Вначале он мне казался несколько странным: он как-то ничем не был похож на остальных унтеров, старых солдат, дядек наших, ни отношением к кантонистам, ни разговорами, ни манерами. Он не ругался, не сквернословил, как все остальные, не исключая офицеров. Был похож он на интеллигента, но не на интеллигента-офицера. На уроках русского языка он заводил беседу об исторических событиях, и рассказывал он это не как сказано в учебнике по истории, не так, как рассказывали нам дядьки, начинавшие похвалой белому царю и храбрости генералов. Дьяков рассказывал больше всего о страданиях солдат в тяжелых походах, о жизни крестьян. Теперь, когда он стал вахмистром, отношения его к нам стали еще сердечней. Я, Иванченко и Безродный были ближе к нему, нежели остальные кантонисты. Он приглашал нас к себе на квартиру, и мы вечерами долго сиживали у него. Беседуя с нами, он ругал полкового, эскадронного, начальство вообще, всех дворян, помещиков за то, что они угнетают крепостных. Об’яснял нам, как установилось крепостное право, что оно существовало и в других странах, но теперь там уничтожено, и только в России еще существует такое варварство. Рассказывал нам о восстании декабристов в 1825 году, о том, как они хотели уничтожить это варварство и установить конституционный строй, чтоб царь и помещики не могли по своему дикому усмотрению властвовать над всем народом; как их казнили за это. От него я впервые услышал слово: «конституция».

— Да, братцы, — говорил он, — тяжело живется крестьянам. Но.. — таинственно добавил он, — скоро этому будет конец. Вот увидите… Надо не падать духом… Моего отца и старшего брата засекли по приказу барина за то, что они отказались выйти на барщину и других подговорили не выходить. Я был тогда еще мал. Но я уж тогда возненавидел этих тиранов. Однажды, когда мать плакала по отцу и брату, я сказал ей, что я отомщу, когда вырасту… Когда буду офицером, мне будет легче это сделать…
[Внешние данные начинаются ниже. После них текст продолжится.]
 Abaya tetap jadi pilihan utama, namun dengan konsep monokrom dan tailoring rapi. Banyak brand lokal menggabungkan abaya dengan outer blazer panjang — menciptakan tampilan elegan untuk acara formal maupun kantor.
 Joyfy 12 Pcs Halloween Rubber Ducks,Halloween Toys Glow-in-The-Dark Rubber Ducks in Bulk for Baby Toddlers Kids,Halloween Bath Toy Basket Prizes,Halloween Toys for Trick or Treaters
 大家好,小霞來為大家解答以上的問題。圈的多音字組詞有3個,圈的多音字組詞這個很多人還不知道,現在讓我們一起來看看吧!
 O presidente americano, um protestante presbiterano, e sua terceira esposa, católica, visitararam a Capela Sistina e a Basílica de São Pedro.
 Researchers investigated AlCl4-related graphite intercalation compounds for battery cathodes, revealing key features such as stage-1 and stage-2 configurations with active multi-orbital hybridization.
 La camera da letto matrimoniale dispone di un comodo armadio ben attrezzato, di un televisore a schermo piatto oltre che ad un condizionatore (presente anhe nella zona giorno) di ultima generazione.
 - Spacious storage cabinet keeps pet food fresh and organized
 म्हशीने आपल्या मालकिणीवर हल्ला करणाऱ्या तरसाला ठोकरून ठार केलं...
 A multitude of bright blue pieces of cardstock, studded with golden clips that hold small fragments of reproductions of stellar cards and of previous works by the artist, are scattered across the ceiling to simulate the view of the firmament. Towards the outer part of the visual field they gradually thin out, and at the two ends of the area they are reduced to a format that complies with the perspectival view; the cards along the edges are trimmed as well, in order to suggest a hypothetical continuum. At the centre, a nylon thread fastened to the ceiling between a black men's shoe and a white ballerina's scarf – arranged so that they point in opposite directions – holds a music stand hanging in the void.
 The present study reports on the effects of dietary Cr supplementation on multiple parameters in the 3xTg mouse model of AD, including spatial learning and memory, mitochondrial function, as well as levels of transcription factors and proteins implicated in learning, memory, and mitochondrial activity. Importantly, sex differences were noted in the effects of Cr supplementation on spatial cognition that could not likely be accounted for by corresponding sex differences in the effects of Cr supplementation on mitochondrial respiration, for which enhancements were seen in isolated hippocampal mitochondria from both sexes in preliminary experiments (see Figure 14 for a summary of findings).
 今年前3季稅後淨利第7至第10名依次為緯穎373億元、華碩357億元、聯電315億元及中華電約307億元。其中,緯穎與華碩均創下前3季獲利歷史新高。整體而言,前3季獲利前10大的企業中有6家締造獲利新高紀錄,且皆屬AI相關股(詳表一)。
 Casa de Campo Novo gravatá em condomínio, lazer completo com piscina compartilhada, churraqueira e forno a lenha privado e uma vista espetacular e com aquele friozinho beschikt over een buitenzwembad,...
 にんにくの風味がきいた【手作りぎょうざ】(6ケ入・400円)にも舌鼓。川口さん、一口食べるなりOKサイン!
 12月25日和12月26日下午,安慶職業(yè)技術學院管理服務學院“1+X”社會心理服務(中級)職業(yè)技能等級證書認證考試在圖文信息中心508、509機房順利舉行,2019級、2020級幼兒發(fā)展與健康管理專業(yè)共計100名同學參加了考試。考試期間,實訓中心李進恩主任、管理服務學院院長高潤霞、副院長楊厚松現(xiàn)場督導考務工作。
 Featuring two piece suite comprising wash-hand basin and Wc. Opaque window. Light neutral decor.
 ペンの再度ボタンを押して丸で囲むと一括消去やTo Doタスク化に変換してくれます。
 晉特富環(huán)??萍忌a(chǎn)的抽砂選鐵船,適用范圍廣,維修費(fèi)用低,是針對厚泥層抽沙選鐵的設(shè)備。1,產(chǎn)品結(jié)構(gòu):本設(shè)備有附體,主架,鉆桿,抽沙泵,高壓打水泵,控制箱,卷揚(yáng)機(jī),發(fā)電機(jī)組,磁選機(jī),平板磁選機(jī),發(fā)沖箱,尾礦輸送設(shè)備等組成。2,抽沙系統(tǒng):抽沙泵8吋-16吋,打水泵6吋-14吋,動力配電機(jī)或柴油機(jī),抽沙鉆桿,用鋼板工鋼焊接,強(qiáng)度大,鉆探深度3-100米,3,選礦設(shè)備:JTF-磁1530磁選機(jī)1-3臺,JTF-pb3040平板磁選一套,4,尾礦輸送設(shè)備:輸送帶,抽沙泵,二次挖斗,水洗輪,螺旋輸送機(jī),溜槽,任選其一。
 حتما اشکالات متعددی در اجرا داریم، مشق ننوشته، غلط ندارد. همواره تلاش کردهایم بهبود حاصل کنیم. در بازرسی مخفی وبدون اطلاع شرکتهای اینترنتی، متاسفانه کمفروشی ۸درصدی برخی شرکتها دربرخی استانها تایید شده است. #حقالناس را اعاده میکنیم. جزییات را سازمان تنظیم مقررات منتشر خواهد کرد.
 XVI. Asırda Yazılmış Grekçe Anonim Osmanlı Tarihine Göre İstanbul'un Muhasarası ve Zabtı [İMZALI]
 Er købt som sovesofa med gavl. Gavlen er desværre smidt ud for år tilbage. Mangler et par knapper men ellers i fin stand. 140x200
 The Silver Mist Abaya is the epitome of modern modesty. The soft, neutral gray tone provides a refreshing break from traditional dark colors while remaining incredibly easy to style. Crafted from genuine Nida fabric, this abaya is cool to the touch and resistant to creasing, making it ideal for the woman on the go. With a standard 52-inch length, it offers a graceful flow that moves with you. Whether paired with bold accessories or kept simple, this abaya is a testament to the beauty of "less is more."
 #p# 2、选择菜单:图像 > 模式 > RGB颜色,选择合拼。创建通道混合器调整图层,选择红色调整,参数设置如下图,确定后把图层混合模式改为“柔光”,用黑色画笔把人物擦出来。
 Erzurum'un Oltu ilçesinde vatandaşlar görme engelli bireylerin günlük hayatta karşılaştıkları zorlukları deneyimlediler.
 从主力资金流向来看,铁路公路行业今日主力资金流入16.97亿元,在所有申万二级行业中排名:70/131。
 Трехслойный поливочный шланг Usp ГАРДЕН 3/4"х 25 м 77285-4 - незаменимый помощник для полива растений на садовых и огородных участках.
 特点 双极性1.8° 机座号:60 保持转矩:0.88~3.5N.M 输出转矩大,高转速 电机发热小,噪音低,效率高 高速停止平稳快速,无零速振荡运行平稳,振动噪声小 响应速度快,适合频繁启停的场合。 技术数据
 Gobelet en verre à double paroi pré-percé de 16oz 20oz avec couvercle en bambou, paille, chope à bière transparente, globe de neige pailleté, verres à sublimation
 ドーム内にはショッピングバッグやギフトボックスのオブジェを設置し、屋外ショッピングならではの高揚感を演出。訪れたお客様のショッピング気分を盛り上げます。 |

Мы слушали его с неиз’яснимым интересом и жутью. Испытывали чувство благоговения к нему, такому храброму герою. Я смотрел ему в горящие гневом глаза и думал: «Ведь он рискует жизнью, его тоже могут казнить, как декабристов»… И мне было страшно за него.

— Знакомьтесь, — указал он на офицера.

— Это мой товарищ, Алексей Иваныч. — Корнет, молодой человек с маленькими темнорусыми усиками и бакенами, как у Пушкина, дружески поздоровался с нами за руку и, улыбаясь, сказал приятным картавящим голосом:

— Не стесняйтесь, ребята, я не начальник вам, а просто человек.

— И когда уж настанет час освобождения?.. — грустно вздохнул Дьяков.

— Настанет, — уверенно сказал Алексей Иваныч. — Еще подождать надо. Дело это нелегкое. Не так скоро делается.

— Знаю, Алексей Иваныч, что нелегкое, — сказал Дьяков, — но ждать-то невтерпеж.

Мы слушали его, с неизъяснимым интересом и жутью.

— Надо, чтобы войско поняло это, тогда дело выйдет. А то, ежели крестьяне даже подымутся, войска моментально их подавят. Ведь подымались же не раз крестьяне, и были у них даже храбрые вожаки: Пугачев, Стенька Разин. Ну и что получилось? Все дело в войске. Декабристы почему были разбиты? На их стороне было мало войска.

— Да… А как же это сделать, чтоб войско поняло? Очень долгая история, — сказал Дьяков. — Заговори об этом открыто, рискуешь головой. Если б было вот таких ребят побольше, — указал он на нас, — тогда бы можно соорудить.

— Вот таких молодых и надо просвещать, — сказал Алексей Иваныч. — Старый солдат тебя не поймет, а то еще предаст. А с офицерами и вовсе надо быть осторожным.

Долго сидели мы у Дьякова в этот вечер. Домой я вернулся разомлевший. Столько мыслей и чувств нахлынуло на меня, перепутались, я был сам не свой. Лег я спать. И Не мог заснуть. В голове вертелись у меня декабристы, засеченные отец и брат Дьякова, бунты, убийства, казни на эшафоте, предательства старых солдат, зверства офицеров…

К рассвету я забылся. И мне снилось, будто приехал к нам царь Николай на смотр. Подходит, к нему Дьяков и ругает его скверными словами. Царь выхватывает саблю и сносит голову Дьякова… А Алексей Иваныч тут же стоит и говорит: «Вот и рискнул головой». Я в ужасе раскрыл глаза и вскочил. Холодный пот прошиб меня: — «Фу ты чорт! Испугался как…» Посмотрел на часы: ровно 9. «Ах ты! опоздал как!» Поспешно умылся; оделся и побежал в школу.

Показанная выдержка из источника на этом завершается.